Peter and Sandy own a medium-sized manufacturing firm, Max Security Ltd in Auckland. The company manufactures and installs security alarms for commercial and home security. Max Security Ltd has experienced rapid growth because of the new technology that improves the company’s monitoring efficiency. The company is owned equally by Peter and Sandy holding 250,000 shares each. If either wishes to sell the shares, the shares have to be offered first to the other shareholder at a discounted price. In 2017, Peter and Sandy have decided to value their holdings in the company for financial planning purposes. To accomplish this, they have gathered the following information about their main competitors.
EPS (Cents) DPS (Cents) Share Price ($) ROE (%) Required rate (%)
Hub Security Ltd -0.20 0.04 3.25 9.5 7.75
Reliable Security Plus 0.31 0.14 2.90 10.5 9.25
Kiwi Monitoring Ltd 0.16 0.16 12.10 10.25 9.00
Industry Average 0.24 0.18 7.05 10.5 8.75
Last year, Max Security Ltd had an EPS of $0.35, and Peter and Sandy were paid a dividend of $52,500 each. The company also had a return on equity of 18%. Peter and Sandy believe a required rate of return of 14% for the company is appropriate.
1. Calculate the share price of the company assuming the company continues its current growth rate (growth rate should be inferred from the data given) into the infinite period (adjust to 2 decimal places).
2. To verify their calculations, Peter and Sandy have hired Richard Hill, a consultant. Richard was previously an equity analyst, and he has a good understanding of the security Industry. Richard has examined the company’s financial statements as well as those of its competitors. Although Max Security Ltd currently has a technological advantage, Richard’s research indicates that Max Security’s competitors are investigating other methods to improve efficiency. Given this, Richard believes that Max Security’s technological advantage will last for only five years. After that period, the company’s growth is likely to slow down to the industry average, and so the industry average required return will be a more appropriate rate for valuation. Under Richard’s assumptions, what is the estimated share price?
3. What is the current industry average price-earnings ratio (PER)? Using Richard’s estimation in part (2) above, calculate Max Security’s price-earnings ratio. Comment on FOUR differences in PERs and explain why these differences may exist?
Price – earnings ratio is the price the market places on 1$ of a firm’s earnings.

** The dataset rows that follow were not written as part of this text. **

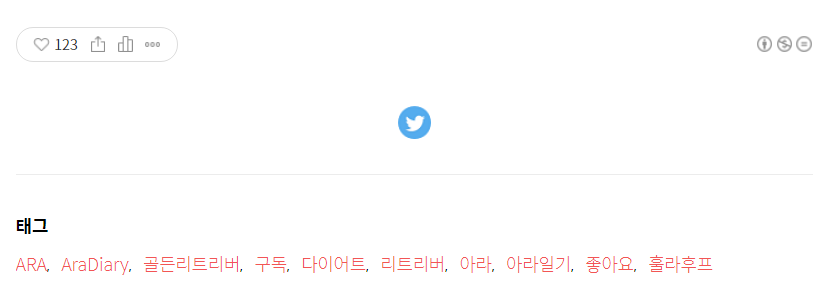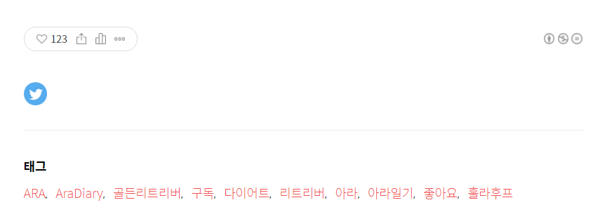 저는 제일 위에서 보여 드린 이미지처럼 본문과 태그 사이에 공유 버튼을 위치하겠습니다.
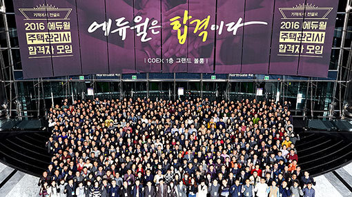 동문회 사무국 김현정 간사는 “공인중개사와 더불어 주택관리사 동문회 역시 에듀윌의 자랑이라 할 수 있다. 동문들이 활동할 수 있도록 본사에서는 체계적인 동문 관리를 책임지고 있으며, 연말 대규모 합격자 모임을 개최한다. 본사의 탄탄한 지원과 합격생들의 끈끈함이 시너지효과를 내어 동문회가 더 빛나는 것이 아닐까 하고 생각한다”고 전했다.
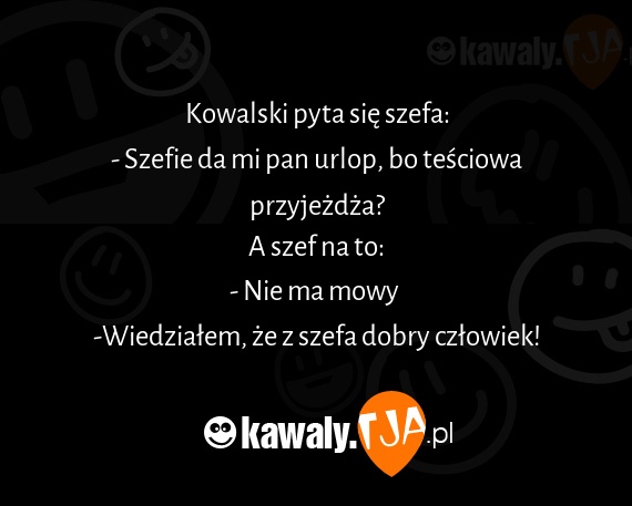 Kowalski pyta sie szefa: - Szefie da mi pan urlop, bo tesciowa przyjezdza? A szef na to: - Nie ma mowy -Wiedzialem, ze z szefa dobry czlowiek!
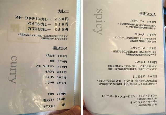 カレーのメニューは3種類。ライス、うどんから選べます。
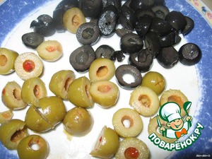Добавить оливки и маслины, соль, перец, сладкую паприку (по вкусу).
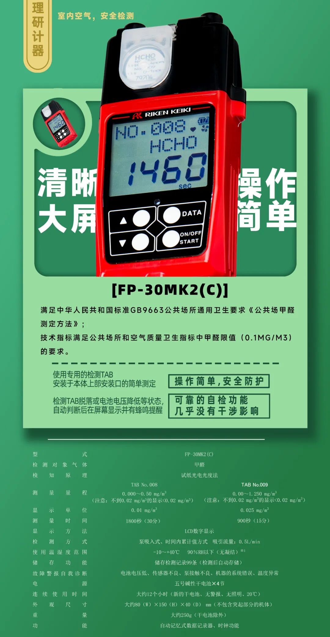 FP-30MK2(C)是理研计器株式会社专为中国室内空气中甲醛检测订制的产品,完全满足中华人民共和国标准GB9663公共场所通用卫生要求《公共场甲醛测定方法》。
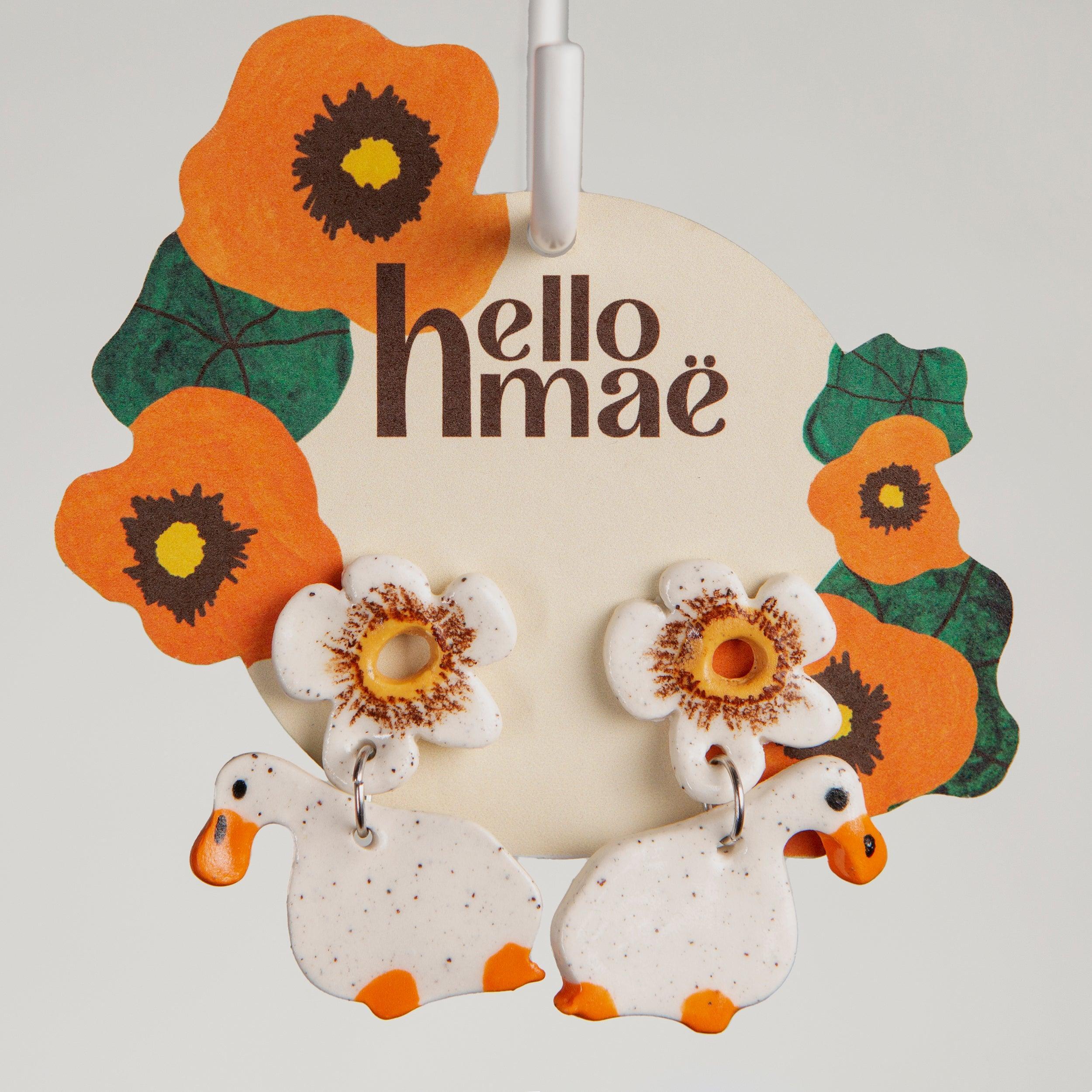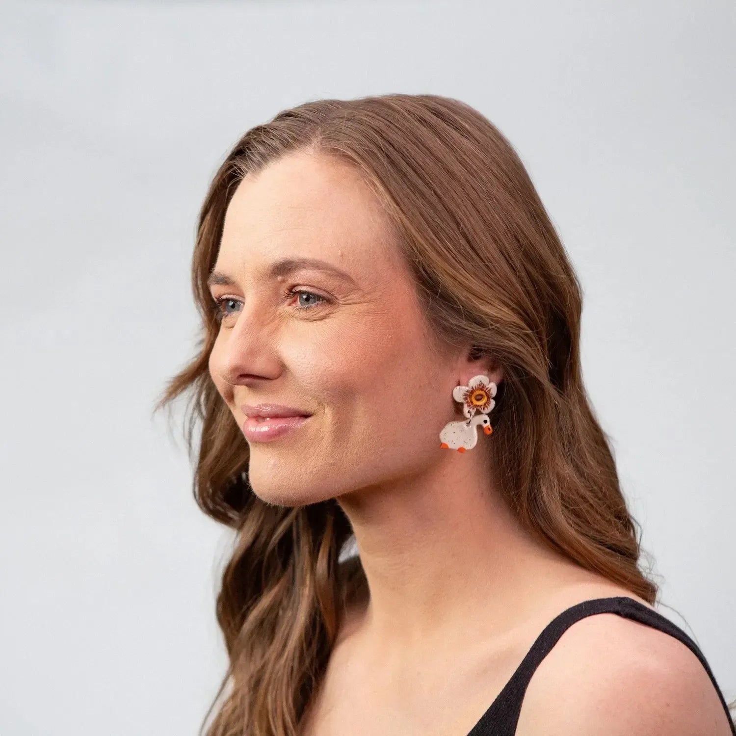 Turn heads with these joyful two-tier ceramic earrings, hand-built and painted in our Melbourne studio. Featuring white flowers & cute white ducks, each pair brings a playful pop of colour and charm to any outfit.
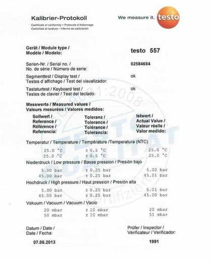 Предустановленные хладагенты60 хладагентов; R11; R12; R123; R125; R1234yf (на дисплее: T8) Возможно обновление списка хладагентов (через службу тех. поддержки Testo); R1234ze; R125; R13B1; R134A; R14; R142B; R152A; R161; R22; R227; R23; R290; R32; R401A; R401B; R401C; R402A; R402B; R404A; R406A; R407A; R407B; R407C; R407D; R407F; R408A; R409A; R410A; R411A; R412A; R413A; R414B; R416A; R417A; R420A; R421A; R421B; R422A; R422B; R422C; R422D; R424A; R426A; R427A; R434A; R437A; R438A; R502; R503; R507; R508A; R508B; R600; R600A; R744O₂; R718 (H₂O); Обновление через мобильное приложение
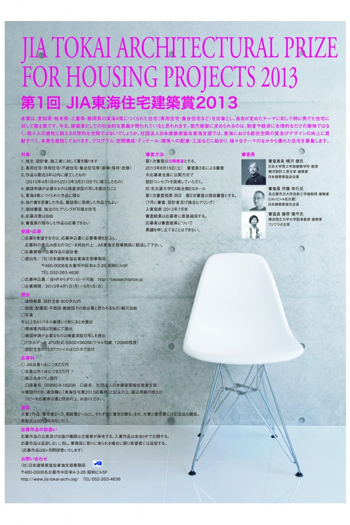 本賞は、愛知県・岐阜県・三重県・静岡県の東海4県につくられた住宅(専門住宅・集合住宅など)を対象とし、各自が定めたテーマに対して特に秀でた住宅に対して贈る賞です。

4. After discussion with Richard, Peter and Sandy agree that they would like to increase the value of the company’s equity. Like many business owners, they want to retain control of the company and do not want to sell shares to outside investors. They also feel that the company’s debt is at a manageable level and do not want to borrow more money. What steps can they take to increase the share price? – justify each of your suggestions.